Sunday, October 16, 2022

[REC] (Jaume Balaguero & Paco Plaza, 2007, Spain)

 

Fear spreads like a deadly virus as a reporter and her cameraman become possessed by an ungodly terror: while the world sleeps, a government Quarantine leaves them little hope of survival. Ángela and Pablo are filming their assignment at a Barcelona fire station, going about the boring routine of interviews and introductions, hoping that something exciting will happen. It does. They race through the darkened streets, passengers with a group of veteran firemen who must rescue a person trapped in an apartment. The tension builds as what seems to be a simple emergency call soon degenerates into an orgy of violence and bloodshed, and the apartment becomes a steel cage, unattainable freedom seen through the ethereal curtain of plastic while commanding threats are shouted by military police. 
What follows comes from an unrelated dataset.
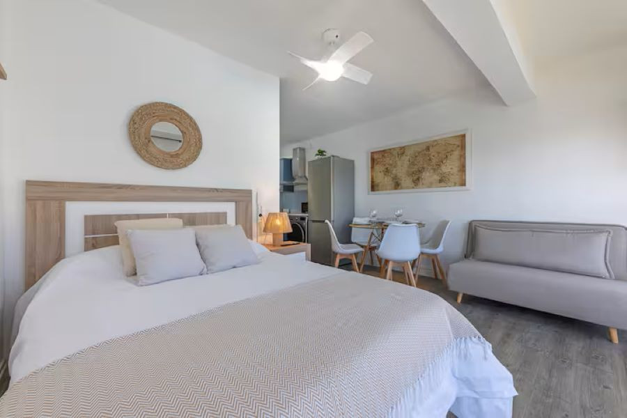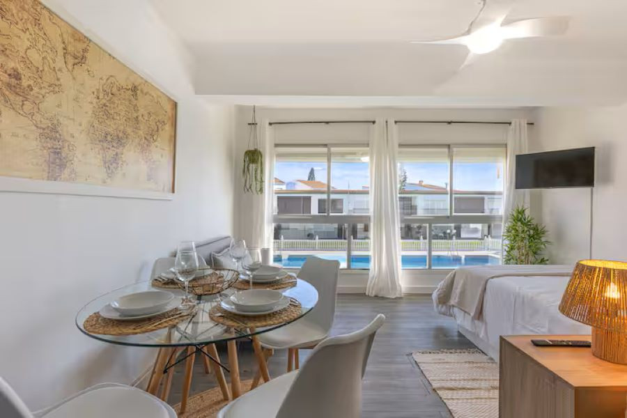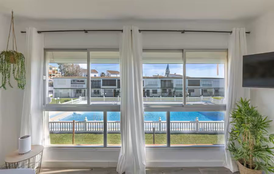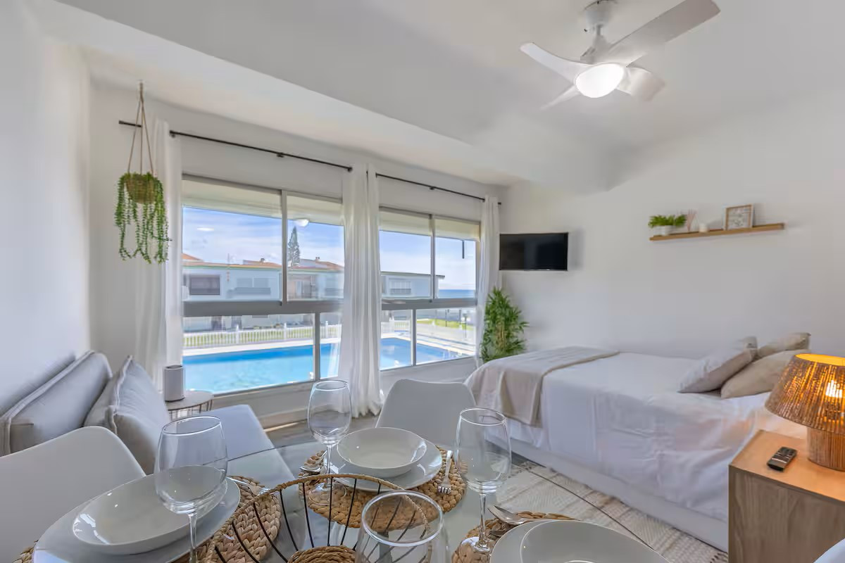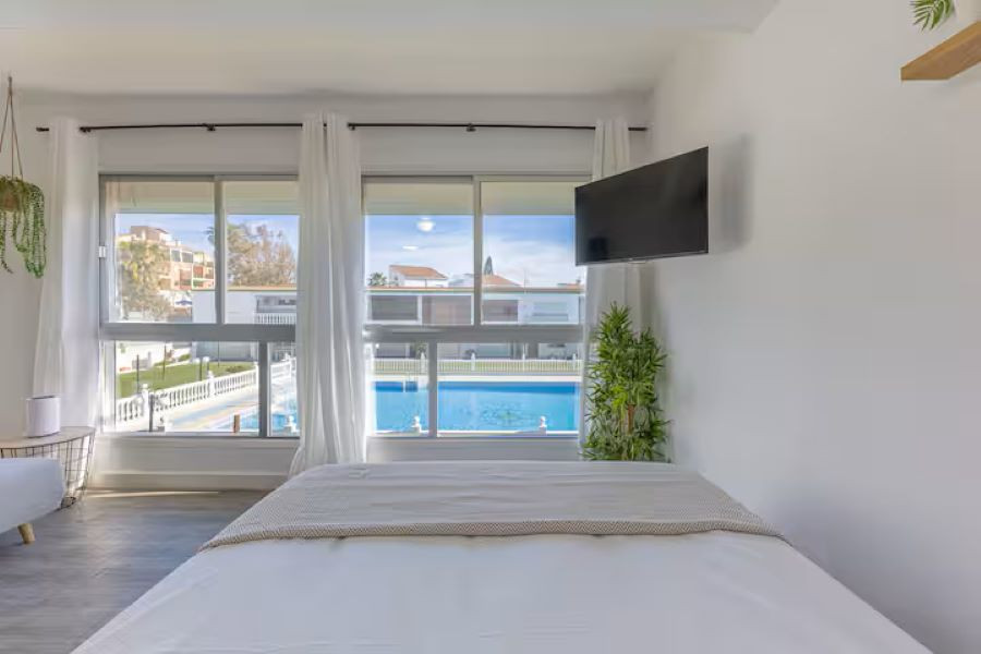 40 kvm studiolägenhet, nyrenoverad med dubbelsäng och bäddsoffa, kök med mikrovågsugn, spis, stort kylskåp, fläkt och tvättmaskin. Helt renoverat badrum med dusch. Ingen terrass, men stora fönster mot poolen med havsutsikt. Carport inne i det bevakade området. Utmärkt för ett par eller en person. Inga husdjur!

The film’s cinéma vérité style brings a frustrating realism to the events utilizing overlapping dialogue improvising chaos: the characters behave like people trapped, not actors spouting rigid dialogue. An obese bloody woman ravages the first victim as Hell breaks loose upon the world, and we see the new reality where nothing is believable unless it is seen through a camera’s digital iris, where the optic nerve connects to the hard drive. The narrative accelerates creating intense friction between characters and events but then slows down, letting us catch our breath before the tumultuous shadows cloud our perceptions once again. The cloying darkness becomes a living thing, embracing the victims in the primal fright as the human mind becomes reactionary, uncivilized, the repressed survival instinct taking control and instructing them to run, run…but where? 

Ángela and Pablo are the last survivors and reach the forgotten penthouse where they discover a mystery that reaches into the Vatican and the chasm of Catholic ideology itself. In the tremors of night vision, a demented creature stalks the gloom and their fate is sealed, the camera ever watchful as they disappear into that evil night.